### YOUR ASSIGNMENT:
Please repeat the whole listing exactly, but leave the pictures out.

### GIVEN DATA:

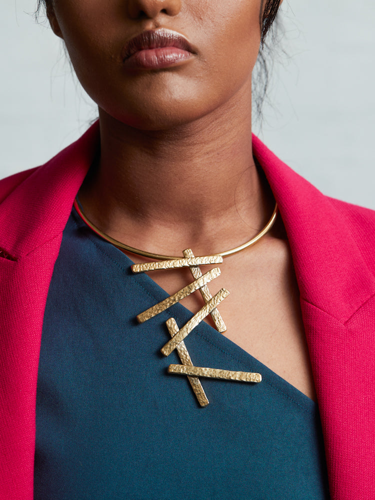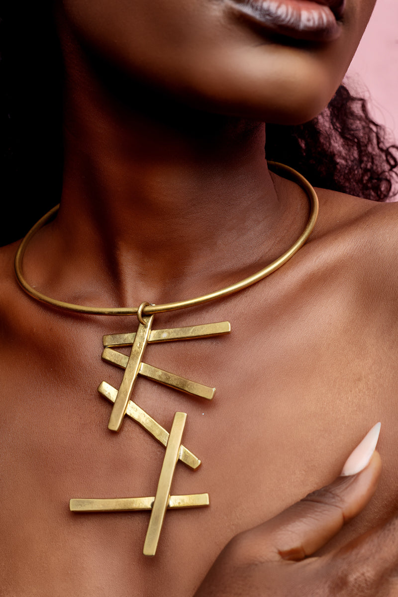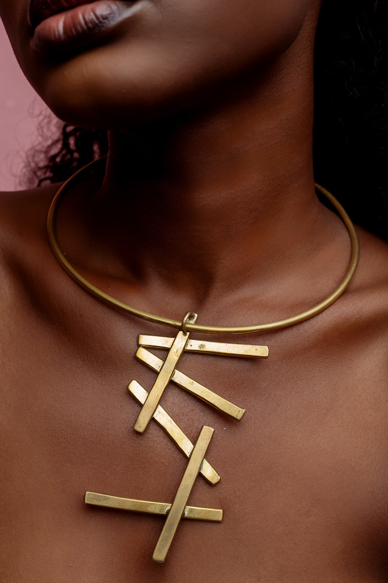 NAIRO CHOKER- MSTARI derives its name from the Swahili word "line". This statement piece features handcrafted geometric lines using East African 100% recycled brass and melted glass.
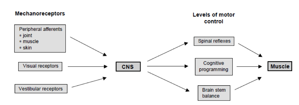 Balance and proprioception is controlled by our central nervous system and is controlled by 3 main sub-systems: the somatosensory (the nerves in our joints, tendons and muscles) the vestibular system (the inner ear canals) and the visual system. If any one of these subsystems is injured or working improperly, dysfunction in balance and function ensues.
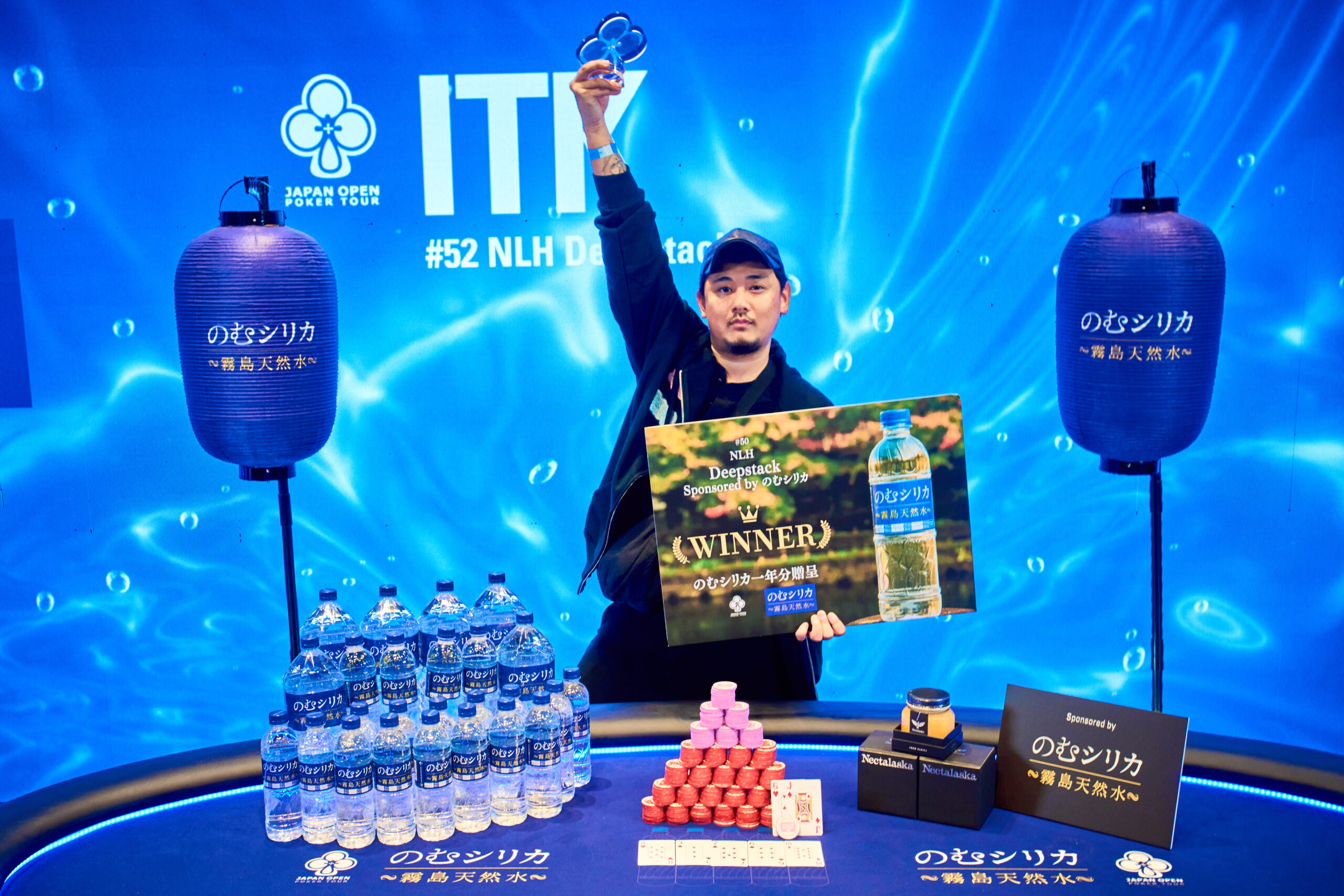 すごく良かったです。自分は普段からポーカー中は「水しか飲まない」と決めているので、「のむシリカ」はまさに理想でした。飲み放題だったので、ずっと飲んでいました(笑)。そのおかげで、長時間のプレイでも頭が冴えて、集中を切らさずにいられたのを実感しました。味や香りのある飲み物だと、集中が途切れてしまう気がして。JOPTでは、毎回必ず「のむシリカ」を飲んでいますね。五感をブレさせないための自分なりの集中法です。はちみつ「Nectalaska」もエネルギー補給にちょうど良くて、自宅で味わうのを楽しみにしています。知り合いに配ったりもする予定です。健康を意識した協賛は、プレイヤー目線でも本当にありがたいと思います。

### TASK OUTPUT:
 NAIRO CHOKER- MSTARI derives its name from the Swahili word "line". This statement piece features handcrafted geometric lines using East African 100% recycled brass and melted glass.
 Balance and proprioception is controlled by our central nervous system and is controlled by 3 main sub-systems: the somatosensory (the nerves in our joints, tendons and muscles) the vestibular system (the inner ear canals) and the visual system. If any one of these subsystems is injured or working improperly, dysfunction in balance and function ensues.
 すごく良かったです。自分は普段からポーカー中は「水しか飲まない」と決めているので、「のむシリカ」はまさに理想でした。飲み放題だったので、ずっと飲んでいました(笑)。そのおかげで、長時間のプレイでも頭が冴えて、集中を切らさずにいられたのを実感しました。味や香りのある飲み物だと、集中が途切れてしまう気がして。JOPTでは、毎回必ず「のむシリカ」を飲んでいますね。五感をブレさせないための自分なりの集中法です。はちみつ「Nectalaska」もエネルギー補給にちょうど良くて、自宅で味わうのを楽しみにしています。知り合いに配ったりもする予定です。健康を意識した協賛は、プレイヤー目線でも本当にありがたいと思います。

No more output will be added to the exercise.